The island was known as Messea (Middle Island) to the ancient Greeks. Its present name derives from the small port on the island, which is cross-shaped. Roman tombs on the island indicate that there may have been a Roman colony on the island, and coins and canals of Roman origin have also been found on the island. In the 5th century, the monastery of Lérins established a branch on Île du Levant. This foundation on Île du Levant established a branch on Port-Cros in the small valley of Notre-Dame. The monastery on Port-Cros was destroyed by Barbary pirates, who repeatedly attacked the Hyères Islands from the 10th to the 16th centuries.

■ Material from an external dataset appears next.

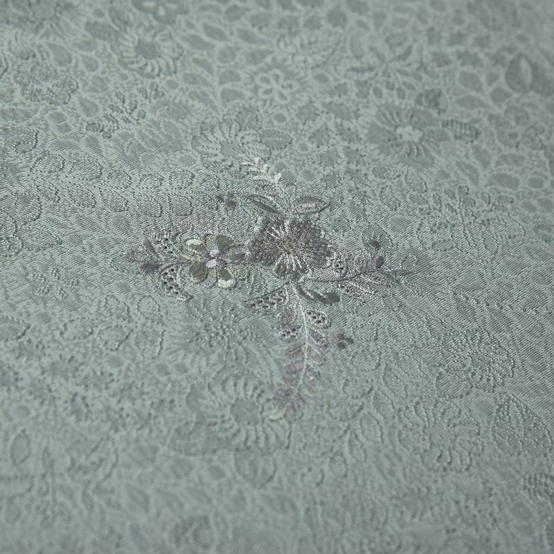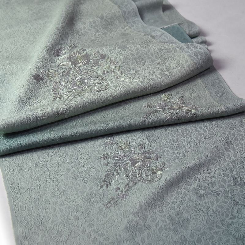 ミシン刺繍ならではの繊細な仕上がりが美しく、控えめながら華やかさを添えてくれる一枚です。あらたまった場から、ちょっとしたお呼ばれまで幅広くお使いいただけます。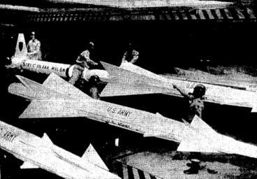Keywords: blackandwhite monochrome black background outdoor black and white NIKE MISSILES STORED UNDERGROUND - To reduce the area required for a launching site and provide greater protection for adjoining communities from possible explosions, all Nike missies are stored underground in huge concrete walled vaults. Hydraulic equipment opens large doors above 'the storace area and lifts the missiles into launching position. These vaults will be shown to the public during the Open House Saturday at the Village Green site. NIKE MISSILES STORED UNDERGROUND - To reduce the area required for a launching site and provide greater protection for adjoining communities from possible explosions, all Nike missies are stored underground in huge concrete walled vaults. Hydraulic equipment opens large doors above 'the storace area and lifts the missiles into launching position. These vaults will be shown to the public during the Open House Saturday at the Village Green site. |

In 1531, François I of France visited the Hyères, and as a result of being informed by inhabitants of the pirate attacks, charged Bertrand d'Ornesan with the task of constructing fortifications on the islands to defend them against pirates. He elevated the three islands to the status of a marquisate on 13 February 1532. In 1549, this marquisate passed to Christophe de Rocquendorf. To attract colonists, he granted asylum to common law criminals, but these caused as much disorder as the pirates they were meant to be a shield against. In 1617, the promised fortifications had not yet been built, but under the direction of Cardinal Richelieu, construction began with the building of the Tour de l'Éminence, the fort of l'Estissac and the fort at Port-Man. Louis XIV of France fought against piracy in the region, but the lack of a substantial garrison caused the British to plunder Port-Cros in 1700 and to invade in 1742 before being driven out by the Jean-Frédéric Phélypeaux, Count of Maurepas.

The last marquis of the islands was Louis de Colvet, Mirabeau's father-in-law. Colvet sold the islands to Jean Joseph Barthélémy Simon de Savornin in 1783. In 1793, the British attacked Port-Cros again. Napoleon restored the defenses in 1811 and installed a garrison of veterans. After the fall of the First French Empire, the garrison was replaced by a company of crippled soldiers. The marquisate was purchased by the French state in 1815, and changed hands a number of times before being sold to a Dr. Crotte, who tried to develop the island into a tourist resort. Some facilities for tourists, including a hotel, were built when the island was acquired by Marcel Henry and Claude Balyne. During the interwar period, the island was visited by numerous figures of the artistic and literary world: Jean Paulhan, André Malraux, André Gide, Saint-John Perse, Paul Valéry, D. H. Lawrence, and Jules Supervielle. Vivienne de Watteville lived there from 1929, and wrote a book about her first year on the island, Seeds that the Wind may bring.

During World War II, during the Allied invasion of Provence, the Battle of Port Cros took place on the island on 15 August 1944, in which the German garrison of 150 men fought against a force of American and Canadian commandos, known as the Devil's Brigade. The island was captured by the Allies on 17 August 1944.

When Madame Henry, the owner of the island, died in 1966, she bequeathed the island to the state, with the exception of the hotel Le Manoir, which her great-nephew, Pierre Buffet, inherited. The Port-Cros National Park was created in 1963. The photographer Yann Arthus-Bertrand is working on the restoration of the fort at Port-Man.